THE TASK >> Your response should contain exactly the lines running from the one with "Stand in a split-stance" to the end of the data below, both included, and no pictures.

RECORDED DATA >>
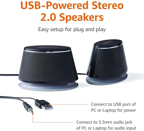 Amazon Basics Stereo 2.0 Speakers for PC or Laptop, 3.5mm Aux input, USB-Powered, 1 Pair, Black
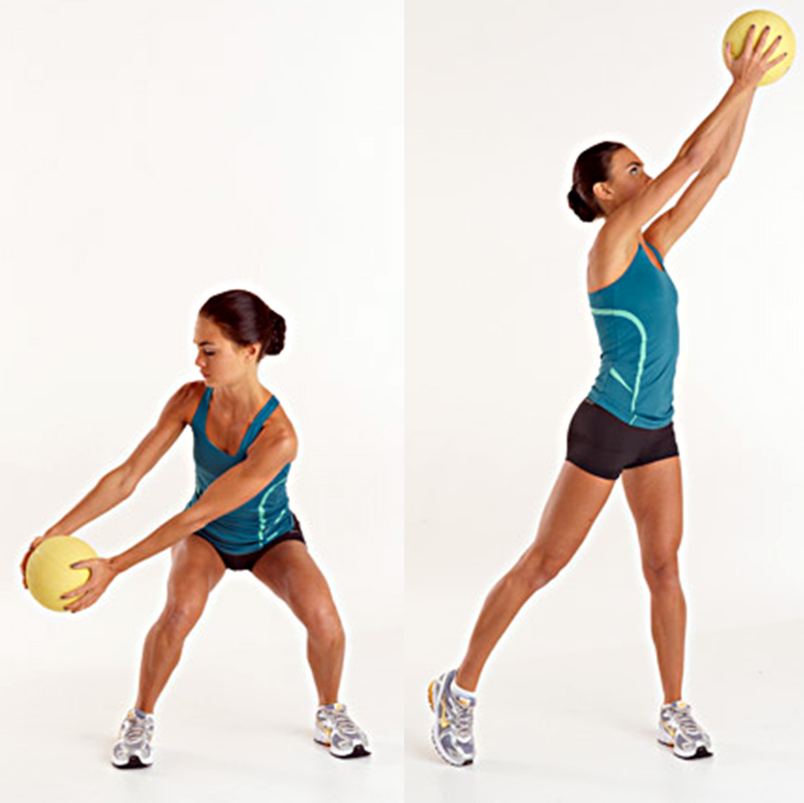 Stand in a split-stance position with your left foot forward holding a medicine ball in both hands. Keep the ball close to your body. Engage your abdominal /core muscles to stiffen your torso and stabilize your spine. Your torso should be upright. Slowly, bring the medicine ball down and across your body toward the right hip. Do not rotate your head, chest, torso or hips, and keep them facing forward. Keep the medicine ball relatively close to your body. Hold this end position briefly before returning to your starting position. Repeat the movement in the opposite direction with your opposite leg forward. - Burpees (Arms, Chest, Core & Legs)
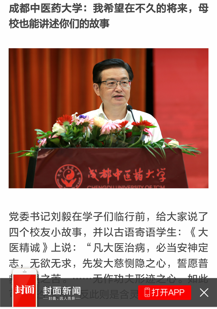 党委书记刘毅在学子们临行前,给大家说了四个校友小故事,并以古语寄语学生:《大医精诚》上说:“凡大医治病,必当安神定志,无欲无求,先发大慈恻隐之心,誓愿普救含灵之苦。……无作功夫形迹之心。如此可为苍生大医,反此则是含灵巨贼。”并说:“希望你们做一个心怀梦想的人,一个心存坚守的人,一个心有感恩的人,一个心系苍生的人。我希望在不久的将来,母校也能讲述你们的故事!”

TASK ANSWER >>
 Stand in a split-stance position with your left foot forward holding a medicine ball in both hands. Keep the ball close to your body. Engage your abdominal /core muscles to stiffen your torso and stabilize your spine. Your torso should be upright. Slowly, bring the medicine ball down and across your body toward the right hip. Do not rotate your head, chest, torso or hips, and keep them facing forward. Keep the medicine ball relatively close to your body. Hold this end position briefly before returning to your starting position. Repeat the movement in the opposite direction with your opposite leg forward. - Burpees (Arms, Chest, Core & Legs)
 党委书记刘毅在学子们临行前,给大家说了四个校友小故事,并以古语寄语学生:《大医精诚》上说:“凡大医治病,必当安神定志,无欲无求,先发大慈恻隐之心,誓愿普救含灵之苦。……无作功夫形迹之心。如此可为苍生大医,反此则是含灵巨贼。”并说:“希望你们做一个心怀梦想的人,一个心存坚守的人,一个心有感恩的人,一个心系苍生的人。我希望在不久的将来,母校也能讲述你们的故事!”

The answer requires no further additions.